The labral gland was also observed in Cryptocercus
punctulatus nymphs and female imagoes. The
epithelium of the labral gland had the same
characteristics as described above, although the
microtubules predominantly occur in large bundles
(Fig. S1F). An important difference was shallower
basal invaginations and shorter microvilli lacking
internal central channels.
Behavioural experimentS
We observed potential use of the labral gland in
soldiers of G. oculatus and Coptotermes testaceus
after encounter with an alien termite or ant worker.
Immediately after such an encounter, the soldiers
changed their behaviour by walking backwards
while rubbing the labrum against the substrate (see
Video S1).
In a second experimental bioassay, the number of
workers and soldiers of Prorhinotermes canalifrons
present at the two sectors did not differ between labral
and leg extracts, using neither methanol (P = 0.869)
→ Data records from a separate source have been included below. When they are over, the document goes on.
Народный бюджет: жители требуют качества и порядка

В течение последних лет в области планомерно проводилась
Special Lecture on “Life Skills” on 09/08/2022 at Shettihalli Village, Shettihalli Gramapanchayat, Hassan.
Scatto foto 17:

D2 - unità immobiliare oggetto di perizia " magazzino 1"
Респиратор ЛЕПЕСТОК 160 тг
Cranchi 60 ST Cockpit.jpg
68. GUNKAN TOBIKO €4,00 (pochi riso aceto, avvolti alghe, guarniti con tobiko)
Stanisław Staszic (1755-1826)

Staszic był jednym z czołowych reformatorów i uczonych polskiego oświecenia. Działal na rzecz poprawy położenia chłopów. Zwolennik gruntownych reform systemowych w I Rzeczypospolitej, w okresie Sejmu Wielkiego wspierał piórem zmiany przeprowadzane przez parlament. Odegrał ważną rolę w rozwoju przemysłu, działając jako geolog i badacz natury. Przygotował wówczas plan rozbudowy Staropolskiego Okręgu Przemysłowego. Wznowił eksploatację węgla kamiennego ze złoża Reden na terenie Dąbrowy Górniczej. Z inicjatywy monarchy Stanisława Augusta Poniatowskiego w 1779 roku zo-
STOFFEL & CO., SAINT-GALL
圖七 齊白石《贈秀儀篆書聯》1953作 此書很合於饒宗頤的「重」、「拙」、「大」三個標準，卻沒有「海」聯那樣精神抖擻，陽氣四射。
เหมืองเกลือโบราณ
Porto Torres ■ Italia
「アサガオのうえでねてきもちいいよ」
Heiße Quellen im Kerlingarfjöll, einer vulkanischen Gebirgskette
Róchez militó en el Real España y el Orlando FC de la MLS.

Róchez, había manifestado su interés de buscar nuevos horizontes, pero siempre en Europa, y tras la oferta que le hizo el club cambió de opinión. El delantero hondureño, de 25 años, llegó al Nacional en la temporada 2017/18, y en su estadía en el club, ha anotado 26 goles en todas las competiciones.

nor hexane (P = 0.355) nor pure solvent (P = 0.325
for methanol, P = 0.614 for hexane). Interestingly, the
number of workers and soldiers of R. flavipes avoiding
the sector treated with labral gland extracts was
higher than controls irrespective of the solvent, either
leg extracts (P < 0.0001) or solvent (P < 0.0001).
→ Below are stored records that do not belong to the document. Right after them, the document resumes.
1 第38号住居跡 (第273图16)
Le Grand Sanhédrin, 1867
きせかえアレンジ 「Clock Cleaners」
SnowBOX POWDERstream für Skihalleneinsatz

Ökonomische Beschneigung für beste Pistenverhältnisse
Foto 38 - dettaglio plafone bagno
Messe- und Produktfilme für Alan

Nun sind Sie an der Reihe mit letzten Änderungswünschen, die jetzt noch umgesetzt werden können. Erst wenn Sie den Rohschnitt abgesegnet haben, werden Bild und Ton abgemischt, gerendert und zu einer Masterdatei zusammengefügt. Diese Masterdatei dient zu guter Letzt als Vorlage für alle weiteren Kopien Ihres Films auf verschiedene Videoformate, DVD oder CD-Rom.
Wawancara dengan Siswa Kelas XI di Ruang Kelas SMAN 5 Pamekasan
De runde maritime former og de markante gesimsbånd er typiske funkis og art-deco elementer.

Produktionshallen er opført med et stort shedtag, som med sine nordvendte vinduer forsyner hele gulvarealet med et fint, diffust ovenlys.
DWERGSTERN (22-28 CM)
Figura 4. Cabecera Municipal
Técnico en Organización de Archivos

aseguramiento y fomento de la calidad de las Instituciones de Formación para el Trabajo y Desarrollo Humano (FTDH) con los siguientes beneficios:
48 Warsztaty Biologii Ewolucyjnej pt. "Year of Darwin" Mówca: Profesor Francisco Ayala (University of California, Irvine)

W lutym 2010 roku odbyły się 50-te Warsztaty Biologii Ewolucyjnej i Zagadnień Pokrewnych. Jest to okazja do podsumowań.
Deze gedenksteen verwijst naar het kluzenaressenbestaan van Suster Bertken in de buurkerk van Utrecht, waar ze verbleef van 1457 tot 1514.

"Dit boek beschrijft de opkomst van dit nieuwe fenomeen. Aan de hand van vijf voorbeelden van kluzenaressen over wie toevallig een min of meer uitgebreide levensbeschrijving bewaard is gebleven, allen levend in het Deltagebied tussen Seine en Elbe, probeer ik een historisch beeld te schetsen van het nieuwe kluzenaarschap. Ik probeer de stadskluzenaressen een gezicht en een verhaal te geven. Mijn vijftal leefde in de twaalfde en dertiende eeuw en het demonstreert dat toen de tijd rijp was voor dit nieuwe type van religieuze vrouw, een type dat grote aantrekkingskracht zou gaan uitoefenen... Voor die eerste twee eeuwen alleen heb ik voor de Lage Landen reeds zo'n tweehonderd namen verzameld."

Figure 3. Ultrastructure of the labral gland in termites. A, middle part of the labrum in Coptotermes testaceus female
imago, showing the labral gland consisting of class 1 secretory cells at the bottom, and class 3 secretory cells occurring at
the dorsal side of the labrum. B, labral gland secretory epithelium in Coptotermes testaceus female imago. C, labral gland
secretory cells in Coptotermes formosanus worker. Note the well-developed invaginations reaching to near cell apices. D,
detailed view of the apex of labral gland secretory cells in Pseudacanthotermes militaris worker showing well-developed
smooth endoplasmic reticulum. Abbreviations: bi, basal invaginations; c, cuticle; c1, class 1 secretory cell; c3, class 3 secretory
cell; h, haemocytes; mv, microvilli; n, nucleus; ser, smooth endoplasmic reticulum; sv, secretory vesicle. Asterisk indicates
mitochondria in the cell cytoplasm.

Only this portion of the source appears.